Sunday 27 March 2016

Flaked, a Netflix Original

It was more than just the seemingly endless grey skies dulling London throughout 2016 and a sick-leave-severe neck crick (you know things are bad when you have to bend from the waist to eye your stream when urinating) that caused me to watch all 8 episodes of the first series of Netflix's Flaked in about 4 days recently.

Those skies were part of it, though: Flaked is set in Venice Beach, Los Angeles, a place where such unpleasantries as clouds and sweaters are apparently unheard of, and watching it feels like spending 30 minutes on a sunbed and then getting an icecream, too.

That brevity was part of it as well: the episodes are short enough that you don't feel you're doing the programme an injustice if you watch it when less than fully sharp - unlike with, say, the superb Peaky Blinders, the second series of which I've yet to build myself up to.

But also there's a likeably roguish main character, Chip, played by Will Arnett (who also produces and co-created), a warming / strained (i.e. interesting) best-friend relationship, quality dialogue, and an unusual overall tone that balances feelgood slacker with the threat or promise of something slightly sour.

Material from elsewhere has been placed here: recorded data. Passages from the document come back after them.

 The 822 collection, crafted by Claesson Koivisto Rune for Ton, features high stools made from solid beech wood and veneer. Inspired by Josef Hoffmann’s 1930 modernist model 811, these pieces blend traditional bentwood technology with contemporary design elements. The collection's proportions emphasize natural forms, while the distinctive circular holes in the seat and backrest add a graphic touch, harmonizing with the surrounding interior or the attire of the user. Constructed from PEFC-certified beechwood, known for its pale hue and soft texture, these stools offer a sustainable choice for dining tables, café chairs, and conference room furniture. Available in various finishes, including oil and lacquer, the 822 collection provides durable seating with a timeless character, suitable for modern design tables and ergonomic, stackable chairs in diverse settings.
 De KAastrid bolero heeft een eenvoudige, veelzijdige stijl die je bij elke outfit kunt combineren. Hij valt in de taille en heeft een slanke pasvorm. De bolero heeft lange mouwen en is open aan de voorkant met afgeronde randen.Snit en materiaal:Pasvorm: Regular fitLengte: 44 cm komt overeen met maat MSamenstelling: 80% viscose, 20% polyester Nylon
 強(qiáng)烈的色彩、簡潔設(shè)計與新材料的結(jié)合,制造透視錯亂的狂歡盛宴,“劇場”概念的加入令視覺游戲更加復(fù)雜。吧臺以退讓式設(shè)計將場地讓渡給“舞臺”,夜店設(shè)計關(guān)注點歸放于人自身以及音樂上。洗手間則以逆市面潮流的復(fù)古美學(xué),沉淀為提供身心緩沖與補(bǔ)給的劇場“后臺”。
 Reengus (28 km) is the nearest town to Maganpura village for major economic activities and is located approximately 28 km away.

Most of the characters are coping(ish) alcoholics, and the tone is redolent of red wine on the cusp of going bad that gets drunk anyway cos it's all there is and what the hell.

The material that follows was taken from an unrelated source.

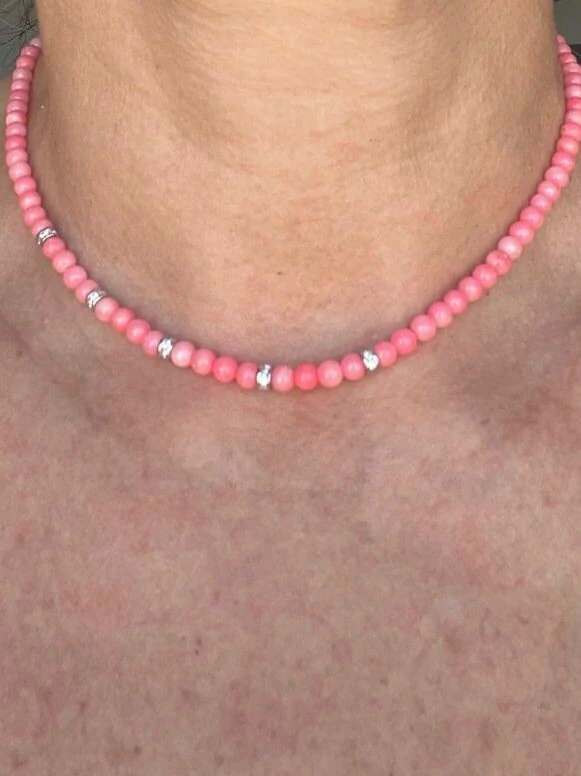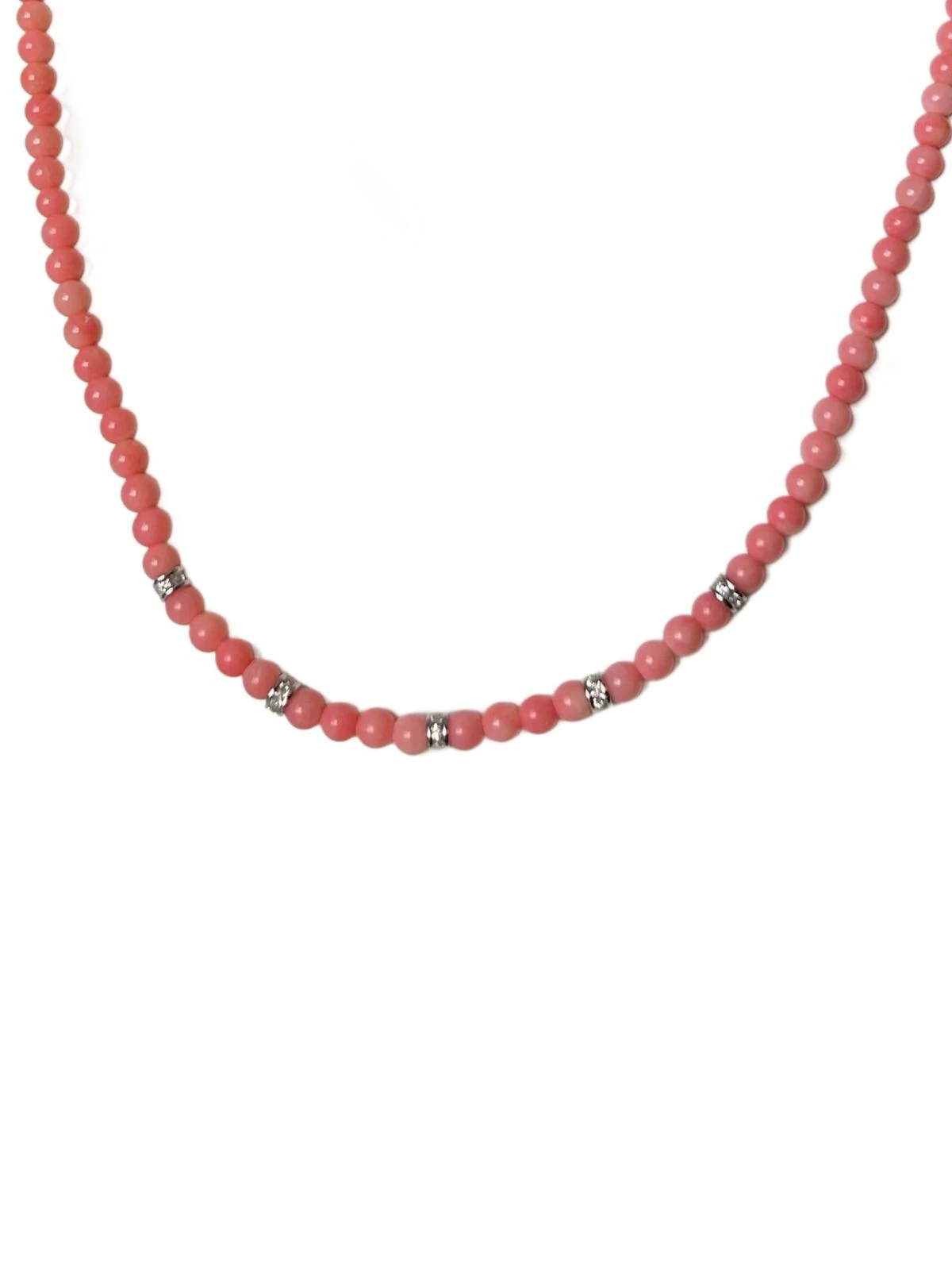 Colar Coral reconstituído e zircônia com alongador Prata 925 Ródio

That threat of something not-quite-right slowly builds and realises as the series develops, such that the compulsion to keep watching morphs away from wanting to catch up with friends and get some vitamin D to wanting to know whether Chip really is the nice guy most people think he is and whether, nice or not, he's going to do or suffer something awful.

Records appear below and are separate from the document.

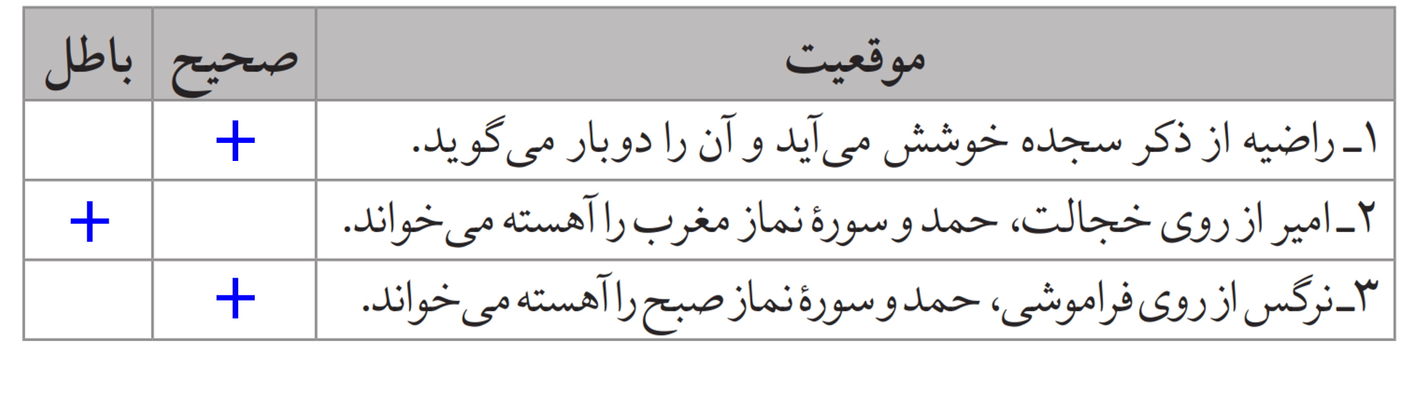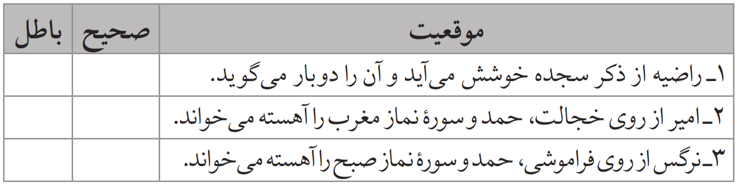 صحیح یا باطل بودن نماز را در موقعیت های زیر مشخص کنید.
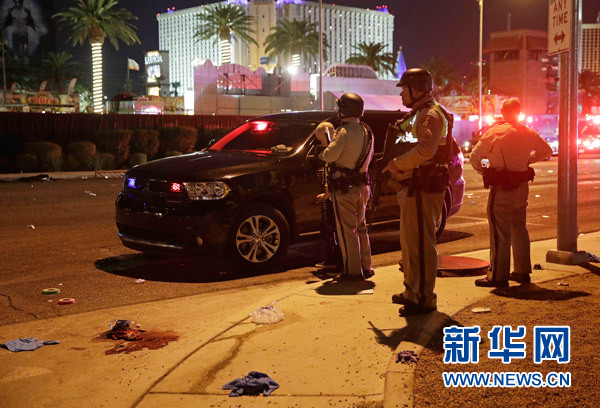 10月2日,在美國西部城市拉斯維加斯,警察在槍擊事件現(xiàn)場(chǎng)警戒。新華社/美聯(lián)
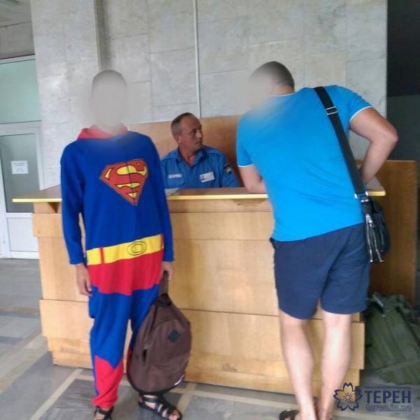 Минулого тижня в приміщення Тернопільської ОДА завітав... Супермен. Одягнувши поверх шортів костюм супермена, активіст спокійно пройшов повз шокованих охоронців. Формально, активіст був у штанах тому нічого не порушив.
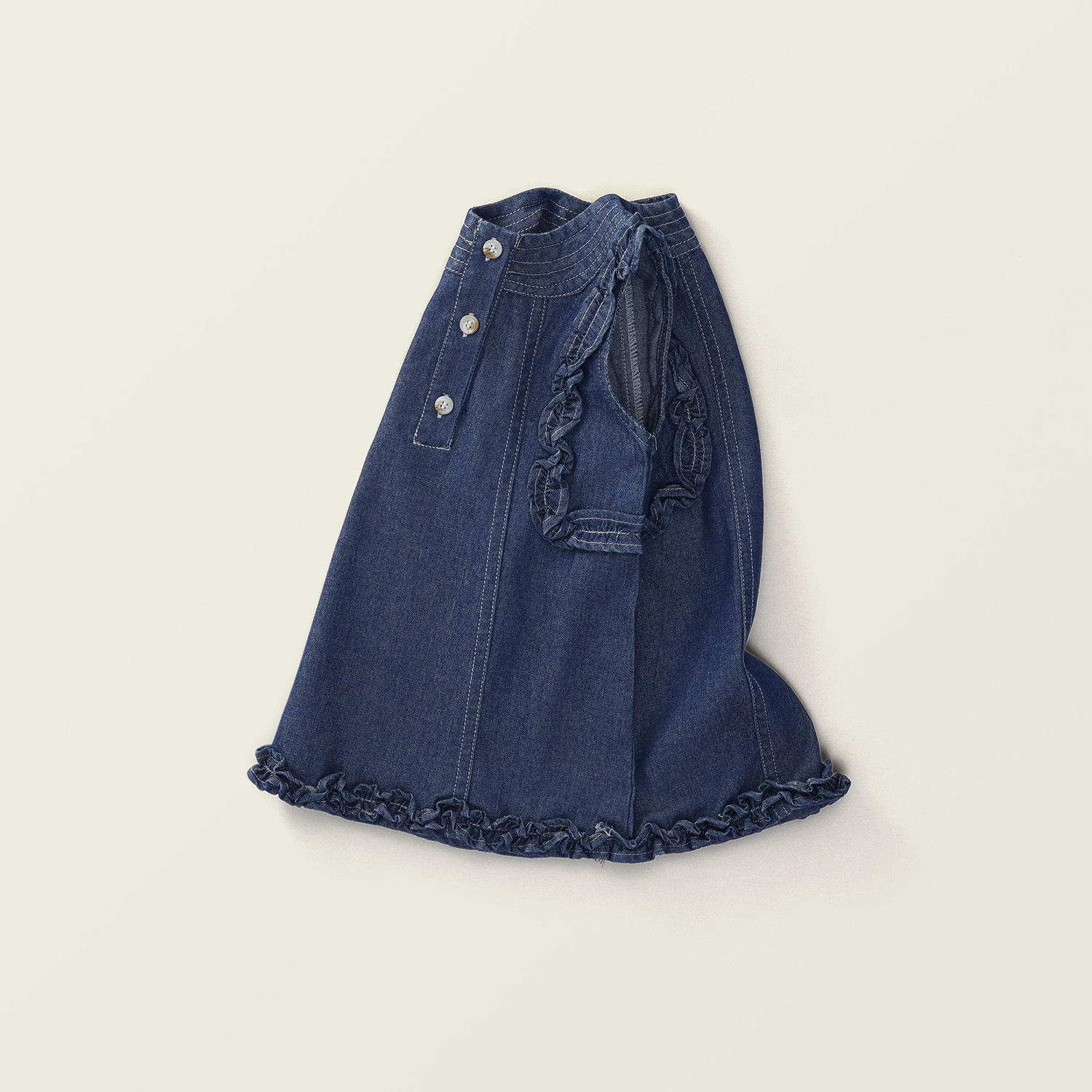 ジェラ子供服女の子ノースリーブデニムスカート2025夏の新しい子供の韓国スタイルのファッショナブルなレースドレスドロップシッピング

This is, I think, the first Netflix Originals series I've watched more than a few episodes of without giving up (Jessica Jones seemed to aim for a similarly adult-ish tone,  but was more troubled-teen faux-attitudinal, plus it was taking forever to go anywhere), and has for the first time got me thinking that my Netflix subscription could become a permanent fixture, rather than something to wring dry then toss away. If Netflix produces more Originals like Flaked, based on interesting characters and good writing, and not just more sub-par superheroes, I might start to think of it less as a slightly soiled bargain-basement outlet and more as a rare premium service I can actually afford.